• [Task description]
Your output should be an exact copy of the records, with no pictures in it.

(Stored items from a collection)
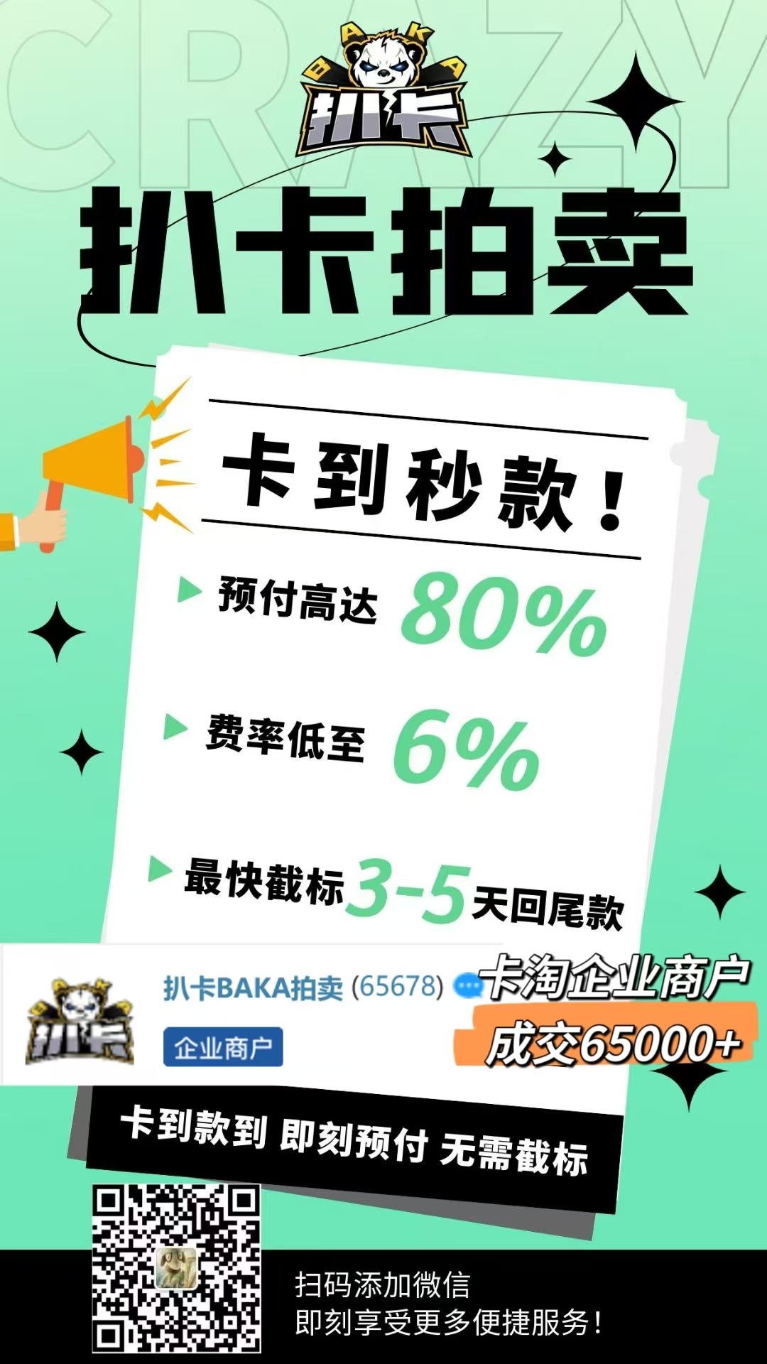 2.付款:竞拍成功后请于3天内付款,超时不付款系统自动关单封号。买卡皆为自愿出价,请慎重考虑后看准再出价,我们不接受任何理由的取消交易或发布点赔偿。
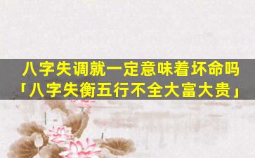 不,八字失调 🌸 不一 🦊 定意味着坏命。
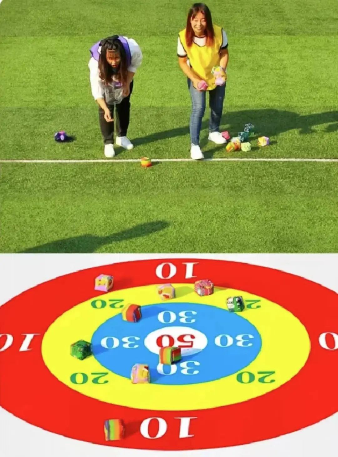 参与成员一人1次机会,往一个标有分数区域的大海报(或用粉笔在地上画出区域)上扔沙包(若沙包停在两个分数区域之间,则按照超过沙包50%体积一边的分数计算)。(每组最多参加该游戏两次)
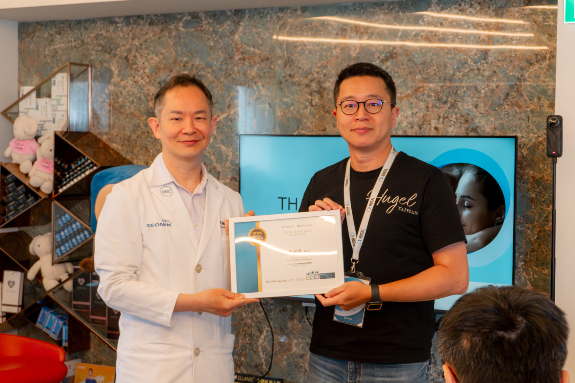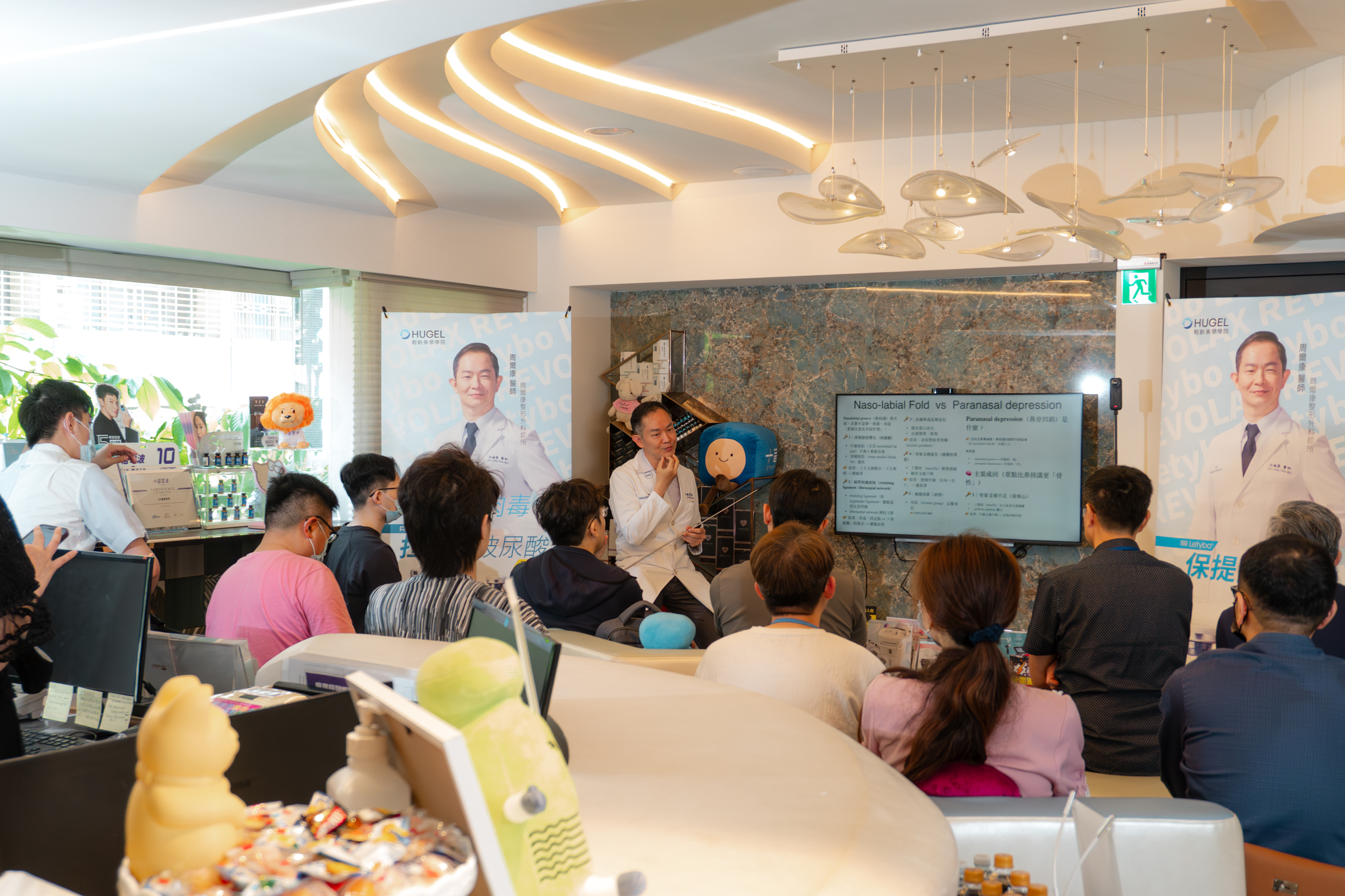 EK美學診所與HUGEL Taiwan 在本院舉辦Hugel微整形交流教育訓練,聚焦於「微整形臨床邏輯」的建立,內容涵蓋玻尿酸面雕與肉毒桿菌注射兩大常見療程。
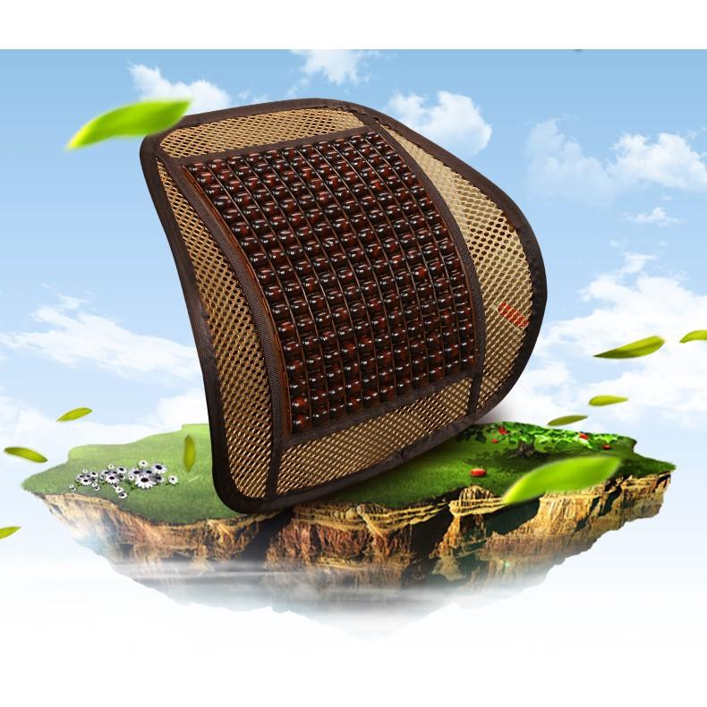 Tựa lưng lưới đan hạt gỗ cho ghế ô tô và văn phòng chống mỏi lưng có chốt cố định

• [The completed task]
 2.付款:竞拍成功后请于3天内付款,超时不付款系统自动关单封号。买卡皆为自愿出价,请慎重考虑后看准再出价,我们不接受任何理由的取消交易或发布点赔偿。
 不,八字失调 🌸 不一 🦊 定意味着坏命。
 参与成员一人1次机会,往一个标有分数区域的大海报(或用粉笔在地上画出区域)上扔沙包(若沙包停在两个分数区域之间,则按照超过沙包50%体积一边的分数计算)。(每组最多参加该游戏两次)
 EK美學診所與HUGEL Taiwan 在本院舉辦Hugel微整形交流教育訓練,聚焦於「微整形臨床邏輯」的建立,內容涵蓋玻尿酸面雕與肉毒桿菌注射兩大常見療程。
 Tựa lưng lưới đan hạt gỗ cho ghế ô tô và văn phòng chống mỏi lưng có chốt cố định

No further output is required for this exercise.